Who should get involved: They welcome anyone who is interested in learning more about data science and its vast applications. From machine learning to text mining to visualizations, its intricate analysis and interpretation has proven to be the next frontier in our increasingly data-driven world. An upcoming workshop is Visualization with D3.js (date TBD). You can join their Facebook group or their Meetup to stay up-to-date as more events are announced.


We aspire to be the main interface between the Computer Science Department, the outside world, and the CS student body.

Who they are: The Computer Science Exchange was originally founded as the “Association of Computing Machinery” chapter at Tufts many years ago as part of a national organization that is affiliated with university computer science departments. A few years ago, senior Marcella Hastings transformed this small, informal club into what it aspires to be today. According to current junior and president of the club Alex Lenail, “[CSX is] the main interface between the computer science department, the outside world, and the computer science student body.”

What they do: CSX invites speakers from both industry and academia (including native Tufts students) to talk about their areas of expertise and what inspires them in the greater field of computer science. They also have special interest groups such as the Data Science Club, Women in Computer Science, and the Enigma Journal of Data and Computing, for which they publicize and acquire institutional aid.

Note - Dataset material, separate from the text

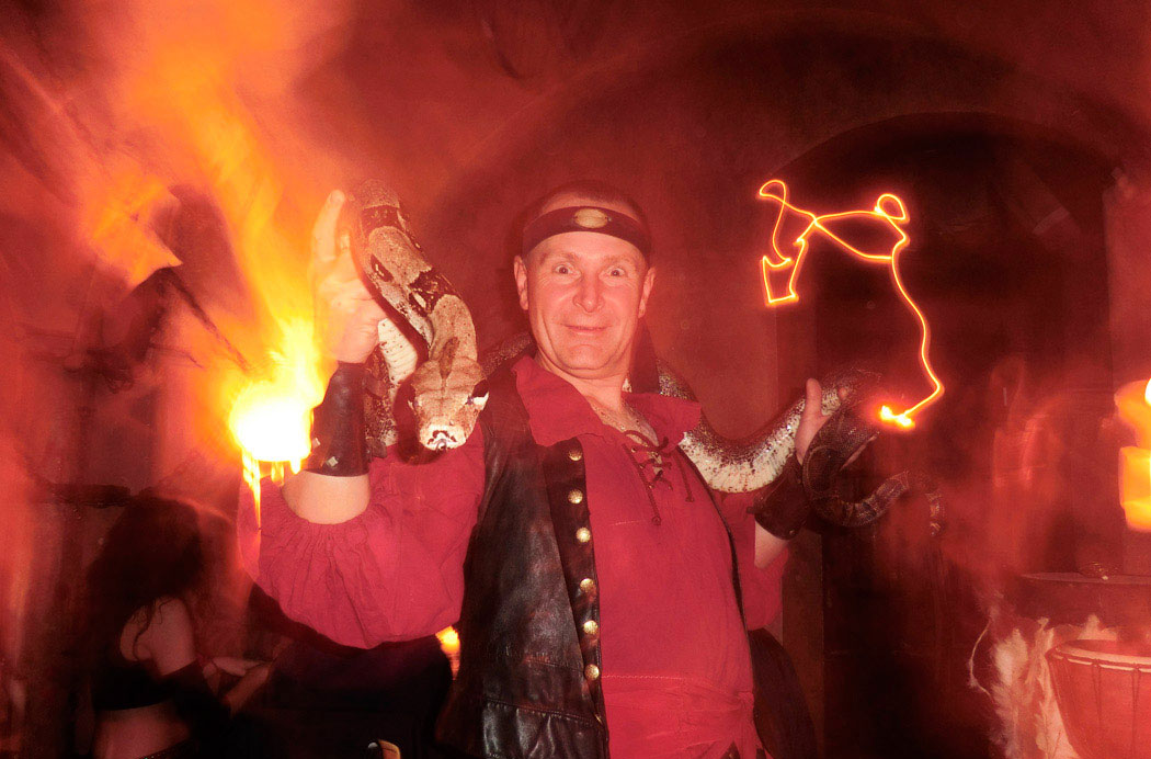 Под стать этому заведению и персонажи, которые устраивают для гостей новогоднее представление. Дух Средневековья не покинет гостей до конца вечера. Под живую музыку будут танцы на столах, предсказания гадалок – обязательно позитивные, выступления факиров со змеями, полуобнаженных танцовщиц и жонглеров. Карлики, великаны, бродячие артисты, разбойники будут развлекать публику. Кульминацией праздника станет великолепный фейерверк, который состоится прямо в саду, примыкающем к корчме.

The club has also started hosting Idea and Project Nights at Tamper Cafe on Boston Ave., where students can meet to network, brainstorm, and share their existing projects. “It’s like putting all the kids and some beer/coffee and mixing it, with wonderful spontaneous social interactions coming out of it,” Lenail said. “It’s even come back to get me – someone I knew pretty well is now helping me on a project I’ve been working on.”

Who should get involved: You can sign-up for their e-list, visit their github, or like them on Facebook to get connected with the greater computing community at Tufts.


Academically, we want to provide and collect a knowledge base of resources that can help graduate students be successful during their career as a graduate student here at Tufts… We have a chance to be the premier club that truly facilitates and helps kick start new interdisciplinary research projects.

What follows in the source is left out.